▶ [Work instruction]
Nothing but the pictures should go missing; return all the entries below exactly.
═══ Data excerpts
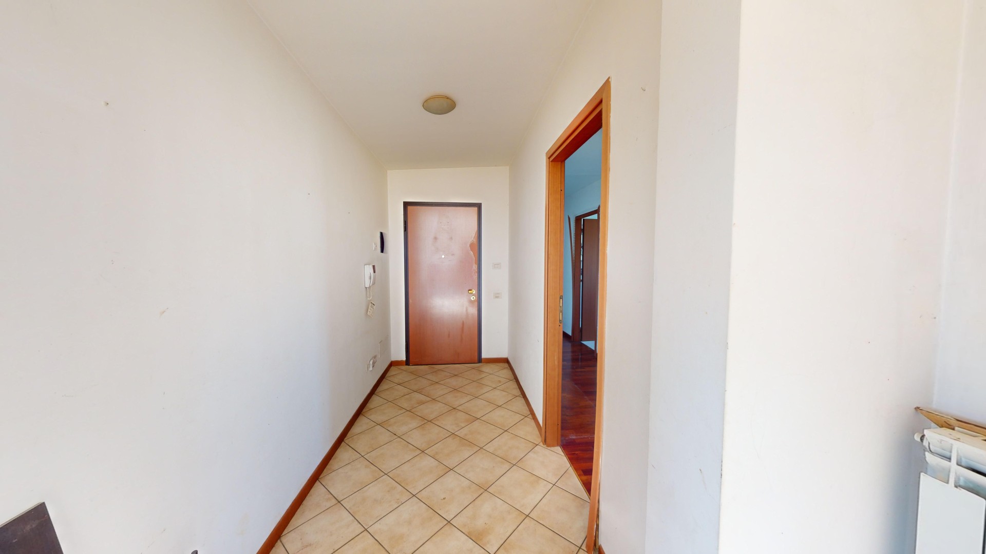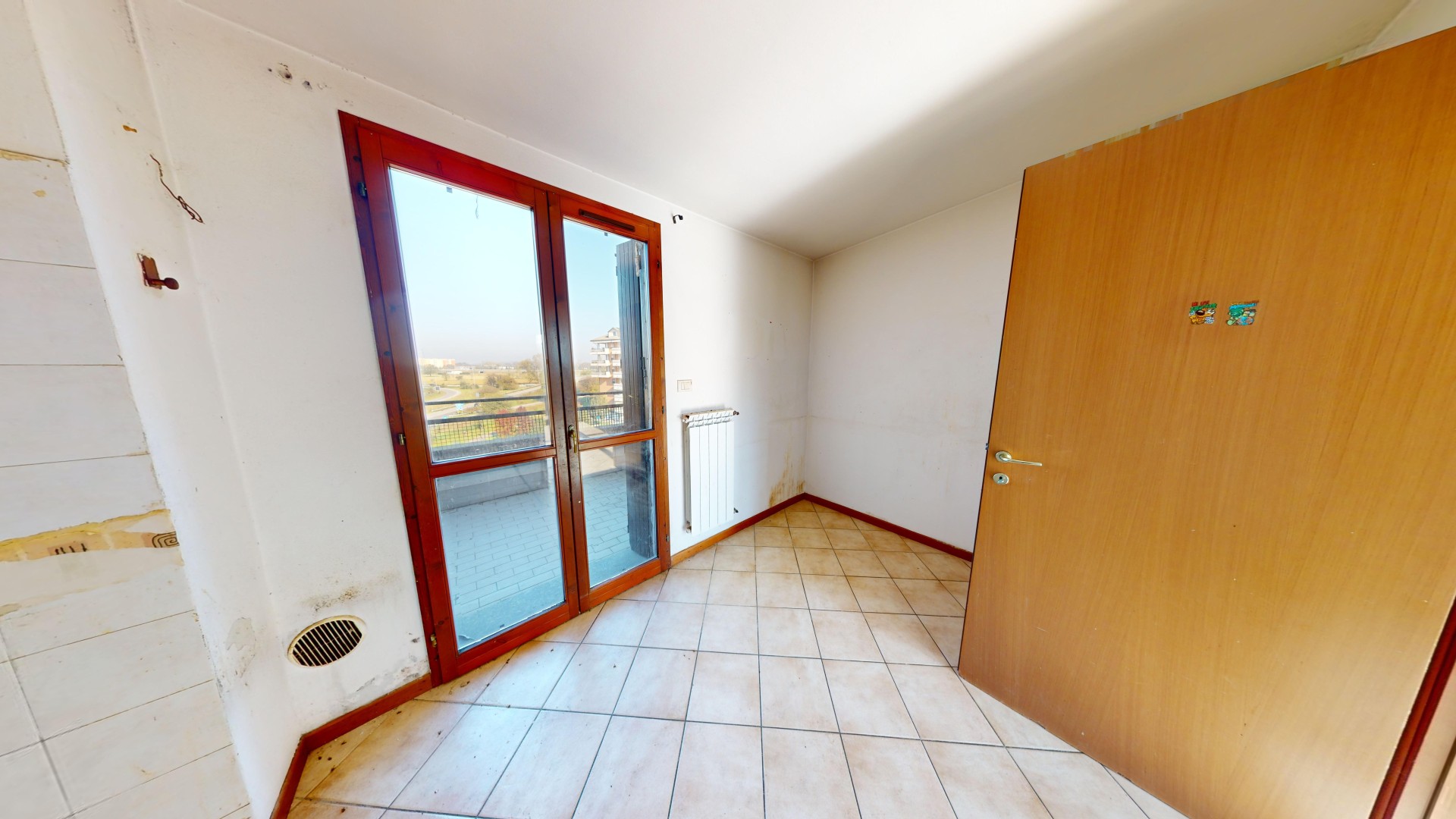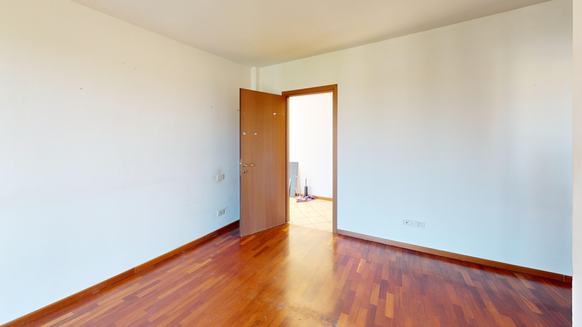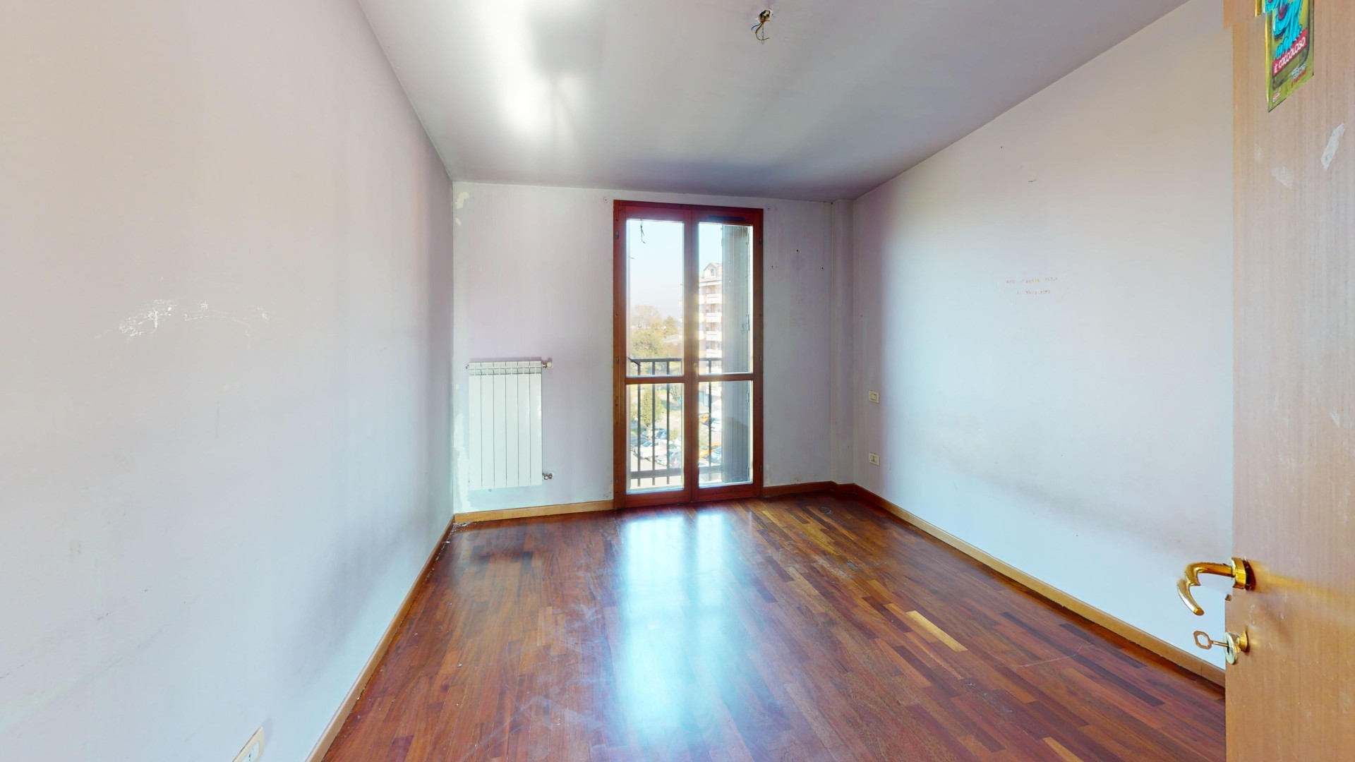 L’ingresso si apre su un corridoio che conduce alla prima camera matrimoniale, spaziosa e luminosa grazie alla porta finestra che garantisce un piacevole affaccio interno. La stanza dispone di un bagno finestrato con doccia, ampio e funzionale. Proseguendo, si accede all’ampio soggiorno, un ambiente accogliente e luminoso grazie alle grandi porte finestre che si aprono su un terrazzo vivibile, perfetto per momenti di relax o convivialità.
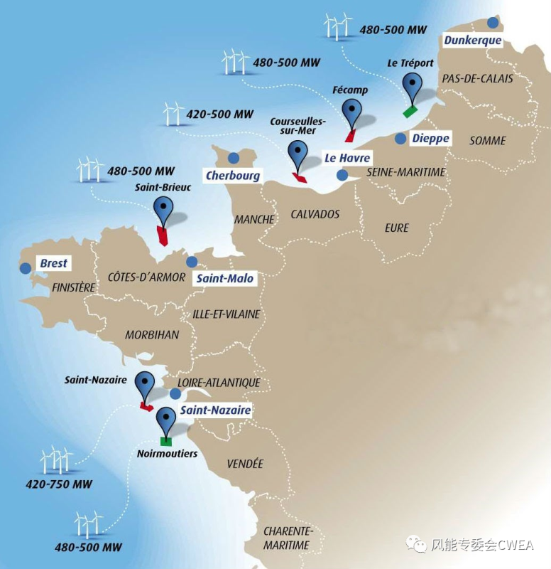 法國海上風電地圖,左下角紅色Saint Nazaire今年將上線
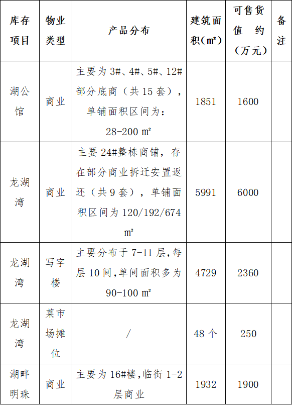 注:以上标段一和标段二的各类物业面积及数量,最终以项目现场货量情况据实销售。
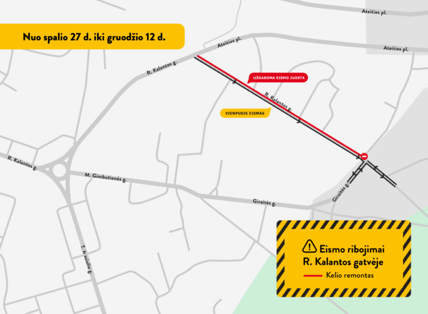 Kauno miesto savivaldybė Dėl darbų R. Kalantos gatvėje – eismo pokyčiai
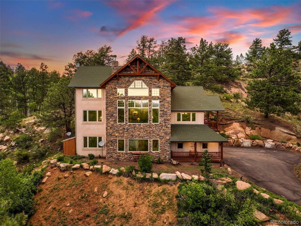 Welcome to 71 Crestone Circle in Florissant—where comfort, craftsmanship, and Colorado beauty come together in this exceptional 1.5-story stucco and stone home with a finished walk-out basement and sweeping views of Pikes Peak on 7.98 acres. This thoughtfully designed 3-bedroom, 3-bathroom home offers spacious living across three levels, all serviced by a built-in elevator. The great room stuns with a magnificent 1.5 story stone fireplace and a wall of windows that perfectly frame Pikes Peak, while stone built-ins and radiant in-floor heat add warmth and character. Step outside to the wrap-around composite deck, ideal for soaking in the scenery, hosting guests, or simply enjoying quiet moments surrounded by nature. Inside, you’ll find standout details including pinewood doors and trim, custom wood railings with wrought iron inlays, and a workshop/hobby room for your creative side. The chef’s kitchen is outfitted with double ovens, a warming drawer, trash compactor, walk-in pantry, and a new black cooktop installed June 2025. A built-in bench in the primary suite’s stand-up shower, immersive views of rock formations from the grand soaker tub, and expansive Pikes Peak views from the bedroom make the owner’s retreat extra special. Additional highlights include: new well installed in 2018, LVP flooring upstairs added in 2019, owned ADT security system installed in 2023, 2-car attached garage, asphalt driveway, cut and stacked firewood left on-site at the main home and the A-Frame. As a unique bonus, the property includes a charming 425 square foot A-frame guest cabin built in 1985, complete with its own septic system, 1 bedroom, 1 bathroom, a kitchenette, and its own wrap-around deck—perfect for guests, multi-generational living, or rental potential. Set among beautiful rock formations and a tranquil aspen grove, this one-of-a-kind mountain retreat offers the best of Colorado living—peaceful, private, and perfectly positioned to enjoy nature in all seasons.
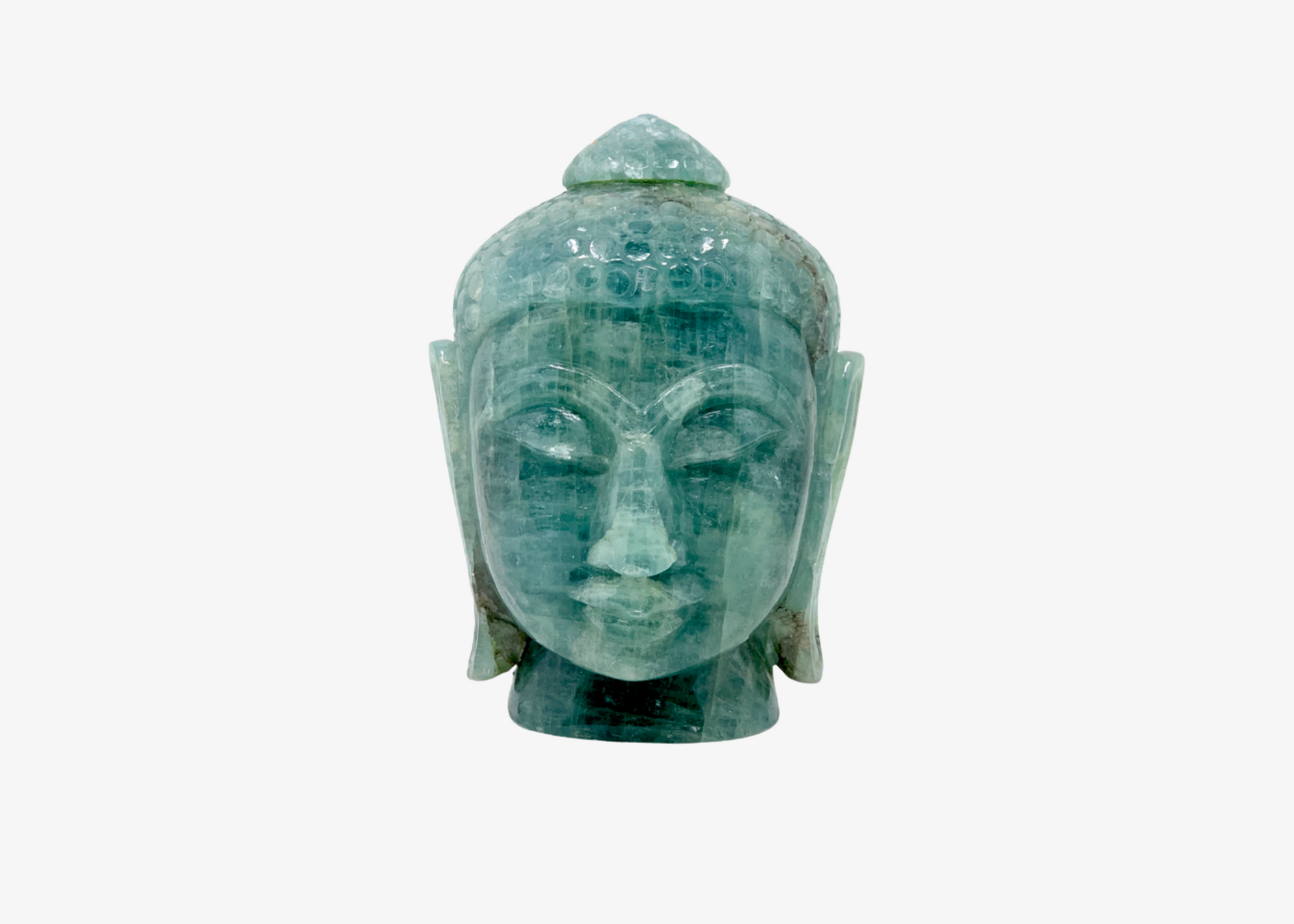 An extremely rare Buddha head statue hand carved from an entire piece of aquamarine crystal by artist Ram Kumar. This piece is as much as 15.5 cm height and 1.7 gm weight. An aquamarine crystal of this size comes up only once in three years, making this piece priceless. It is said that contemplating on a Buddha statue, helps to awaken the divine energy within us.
══════
▶ [Response to the task]
 L’ingresso si apre su un corridoio che conduce alla prima camera matrimoniale, spaziosa e luminosa grazie alla porta finestra che garantisce un piacevole affaccio interno. La stanza dispone di un bagno finestrato con doccia, ampio e funzionale. Proseguendo, si accede all’ampio soggiorno, un ambiente accogliente e luminoso grazie alle grandi porte finestre che si aprono su un terrazzo vivibile, perfetto per momenti di relax o convivialità.
 法國海上風電地圖,左下角紅色Saint Nazaire今年將上線
 注:以上标段一和标段二的各类物业面积及数量,最终以项目现场货量情况据实销售。
 Kauno miesto savivaldybė Dėl darbų R. Kalantos gatvėje – eismo pokyčiai
 Welcome to 71 Crestone Circle in Florissant—where comfort, craftsmanship, and Colorado beauty come together in this exceptional 1.5-story stucco and stone home with a finished walk-out basement and sweeping views of Pikes Peak on 7.98 acres. This thoughtfully designed 3-bedroom, 3-bathroom home offers spacious living across three levels, all serviced by a built-in elevator. The great room stuns with a magnificent 1.5 story stone fireplace and a wall of windows that perfectly frame Pikes Peak, while stone built-ins and radiant in-floor heat add warmth and character. Step outside to the wrap-around composite deck, ideal for soaking in the scenery, hosting guests, or simply enjoying quiet moments surrounded by nature. Inside, you’ll find standout details including pinewood doors and trim, custom wood railings with wrought iron inlays, and a workshop/hobby room for your creative side. The chef’s kitchen is outfitted with double ovens, a warming drawer, trash compactor, walk-in pantry, and a new black cooktop installed June 2025. A built-in bench in the primary suite’s stand-up shower, immersive views of rock formations from the grand soaker tub, and expansive Pikes Peak views from the bedroom make the owner’s retreat extra special. Additional highlights include: new well installed in 2018, LVP flooring upstairs added in 2019, owned ADT security system installed in 2023, 2-car attached garage, asphalt driveway, cut and stacked firewood left on-site at the main home and the A-Frame. As a unique bonus, the property includes a charming 425 square foot A-frame guest cabin built in 1985, complete with its own septic system, 1 bedroom, 1 bathroom, a kitchenette, and its own wrap-around deck—perfect for guests, multi-generational living, or rental potential. Set among beautiful rock formations and a tranquil aspen grove, this one-of-a-kind mountain retreat offers the best of Colorado living—peaceful, private, and perfectly positioned to enjoy nature in all seasons.
 An extremely rare Buddha head statue hand carved from an entire piece of aquamarine crystal by artist Ram Kumar. This piece is as much as 15.5 cm height and 1.7 gm weight. An aquamarine crystal of this size comes up only once in three years, making this piece priceless. It is said that contemplating on a Buddha statue, helps to awaken the divine energy within us.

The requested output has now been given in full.